The Ear suspects that Villa-Lobos would have been a lot of fun to know and pal around with. He seems as outsized and rich in natural resources as his native country.
And so does his body of work.
So why isn’t Villa-Lobos better known and more often performed outside his native country? I can’t think of the last time a work of his was performed by the Madison Symphony Orchestra, by the Wisconsin Chamber Orchestra or by pianists and chamber music groups at the University of Wisconsin-Madison School of Music. Maybe some readers can.
And Villa-Lobos used his native land to inform his work and the effect can be enthralling and even magical. He is a sure remedy to Eurocentric programming, and especially with a growing Hispanic population. (I know: Portuguese, not Spanish, is the colonial culture and language of Brazil. But still.)
Anyway, there I was, sitting in Mills Hall and listening to two outstanding works performed by the choir of 16 cellos and one soprano in works designed to “Brazilian-ize” Johann Sebastian Bach and update his Baroque musical style -– which I think they succeed in doing. Bach goes ethnic!

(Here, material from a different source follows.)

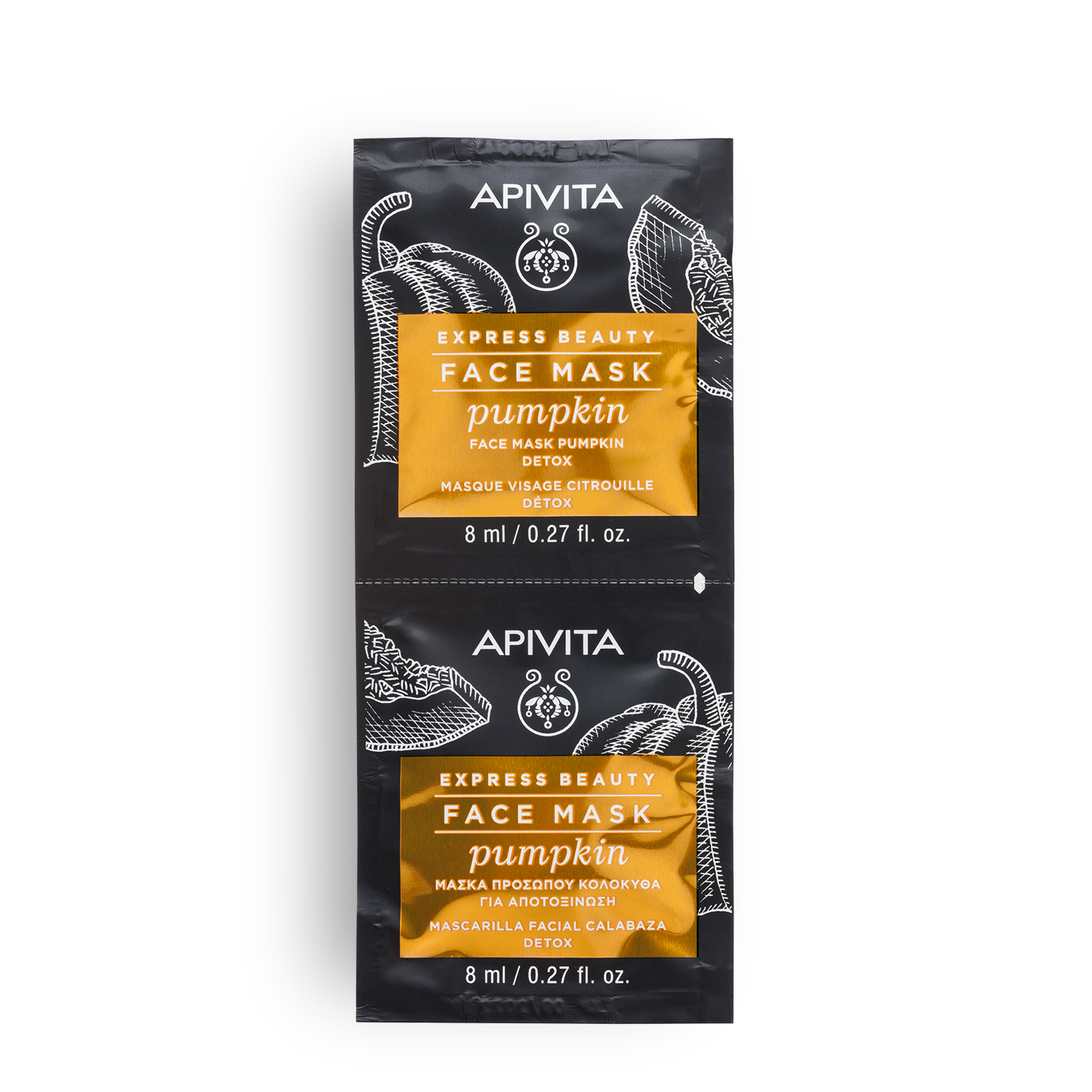 Η μάσκα προσώπου EXPRESS BEAUTY με κολοκύθα, το πιο αγαπημένο φθινοπωρινό λαχανικό των περιοχών της Μεσογείου γνωστό για την αποτελεσματικότητα του σε δίαιτες αποτοξίνωσης, είναι ιδανικό για την αποτοξίνωση της επιδερμίδας.Απολεπίζει απαλά και απομακρύνει τους ρύπους και τα νεκρά κύτταρα προσφέροντας φωτεινή επιδερμίδα με ομοιόμορφη όψη χάρη στα ένζυμα κολοκύθαςAπορροφά το περιττό σμήγμα μειώνοντας την όψη των διεσταλμένων πόρων με λευκή άργιλοΔιατηρεί την επιδερμίδα ενυδατωμένη, λεία και απαλή με λάδι από σπόρους κολοκύθας, βούτυρο καριτέ, ελληνικό θυμαρίσιο μέλι και υαλουρονικό οξύΤονώνει και αναζωογονεί την επιδερμίδα με αιθέρια έλαια λεμόνι και ginger

The first work was the famous Bachianas Brasileiras No. 5 –- with its soaring aria-like Cantilena that has been recorded by great singers from folksinger Joan Baez (below top) to opera divas such as Victoria de Los Angeles, Anna Moffo (below bottom), Kiri Te Kanawa, Kathleen Battle and Barbara Hendricks.
The performance that I heard live featured the UW-Madison soprano Anna Whiteway, who was absolutely exquisite. She had fabulous pitch, big volume, smooth vibrato, great diction and lovely tone. She was superb, and the cellists and conductor thought so too.
Then there was the less famous Bachianas Brasileiras No. 1, which included a gorgeous second movement and fabulous fugal finale.
So below is a sample from YouTube, where you can find quite a lot of quality performances of music by Villa-Lobos.
And I think that during the month-long World Cup play in Brazil, we can’t do better than to listen to other samples of beautiful music by this prolific composer who seems to The Ear way, way underplayed and under-appreciated.
Personally, these days The Ear is checking out the Bachianas Brasileiras, the Choros and the chamber music, especially the cello sonatas and the string quartets.
But there is also much more in the way of piano music, guitar music and vocal music.
So from now to the end of the World Cup, I will periodically offer examples of music by Villa-Lobos.
And what do you think of Villa-Lobos?
Do you have a favorite piece that others should listen to?